#### Assigned task
Read through the records. Copy each line that has the word "play".

#### Records shown
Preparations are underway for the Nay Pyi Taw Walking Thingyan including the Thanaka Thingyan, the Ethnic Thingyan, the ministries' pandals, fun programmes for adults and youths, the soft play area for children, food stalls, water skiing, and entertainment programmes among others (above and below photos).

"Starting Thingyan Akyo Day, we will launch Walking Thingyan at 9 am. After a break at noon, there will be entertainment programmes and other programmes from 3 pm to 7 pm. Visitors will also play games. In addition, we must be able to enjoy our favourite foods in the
* * *
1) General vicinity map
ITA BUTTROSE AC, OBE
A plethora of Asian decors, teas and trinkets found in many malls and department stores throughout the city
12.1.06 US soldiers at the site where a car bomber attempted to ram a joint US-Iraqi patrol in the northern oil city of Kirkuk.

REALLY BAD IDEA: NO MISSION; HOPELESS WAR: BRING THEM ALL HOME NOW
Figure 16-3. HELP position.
---
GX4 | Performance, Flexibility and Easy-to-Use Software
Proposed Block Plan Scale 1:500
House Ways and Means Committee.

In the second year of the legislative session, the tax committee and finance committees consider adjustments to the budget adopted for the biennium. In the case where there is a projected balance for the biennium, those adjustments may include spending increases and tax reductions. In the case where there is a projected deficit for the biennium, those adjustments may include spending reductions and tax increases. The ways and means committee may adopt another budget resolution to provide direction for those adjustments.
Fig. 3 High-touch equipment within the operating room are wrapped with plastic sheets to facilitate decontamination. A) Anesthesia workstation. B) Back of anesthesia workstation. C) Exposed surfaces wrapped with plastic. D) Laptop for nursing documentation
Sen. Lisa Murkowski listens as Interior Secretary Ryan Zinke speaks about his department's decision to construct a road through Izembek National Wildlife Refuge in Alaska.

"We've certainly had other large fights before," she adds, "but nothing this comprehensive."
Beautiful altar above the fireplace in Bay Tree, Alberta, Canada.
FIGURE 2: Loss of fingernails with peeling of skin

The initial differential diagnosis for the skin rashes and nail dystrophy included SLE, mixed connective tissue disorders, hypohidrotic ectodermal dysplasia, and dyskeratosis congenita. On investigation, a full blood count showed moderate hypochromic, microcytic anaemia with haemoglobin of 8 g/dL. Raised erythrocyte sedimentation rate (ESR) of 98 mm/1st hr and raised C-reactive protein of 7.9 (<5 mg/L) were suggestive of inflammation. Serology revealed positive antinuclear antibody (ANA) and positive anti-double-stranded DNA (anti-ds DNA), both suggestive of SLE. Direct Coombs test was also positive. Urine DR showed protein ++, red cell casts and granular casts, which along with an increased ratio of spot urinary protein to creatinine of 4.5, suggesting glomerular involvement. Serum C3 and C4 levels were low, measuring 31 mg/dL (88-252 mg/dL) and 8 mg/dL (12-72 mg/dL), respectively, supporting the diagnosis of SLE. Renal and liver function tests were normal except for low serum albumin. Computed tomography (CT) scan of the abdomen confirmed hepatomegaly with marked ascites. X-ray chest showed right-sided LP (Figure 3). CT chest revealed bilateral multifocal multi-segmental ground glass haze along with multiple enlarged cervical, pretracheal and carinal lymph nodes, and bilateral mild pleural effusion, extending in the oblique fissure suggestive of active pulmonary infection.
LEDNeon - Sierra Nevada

#### Your response
Preparations are underway for the Nay Pyi Taw Walking Thingyan including the Thanaka Thingyan, the Ethnic Thingyan, the ministries' pandals, fun programmes for adults and youths, the soft play area for children, food stalls, water skiing, and entertainment programmes among others (above and below photos).
"Starting Thingyan Akyo Day, we will launch Walking Thingyan at 9 am. After a break at noon, there will be entertainment programmes and other programmes from 3 pm to 7 pm. Visitors will also play games. In addition, we must be able to enjoy our favourite foods in the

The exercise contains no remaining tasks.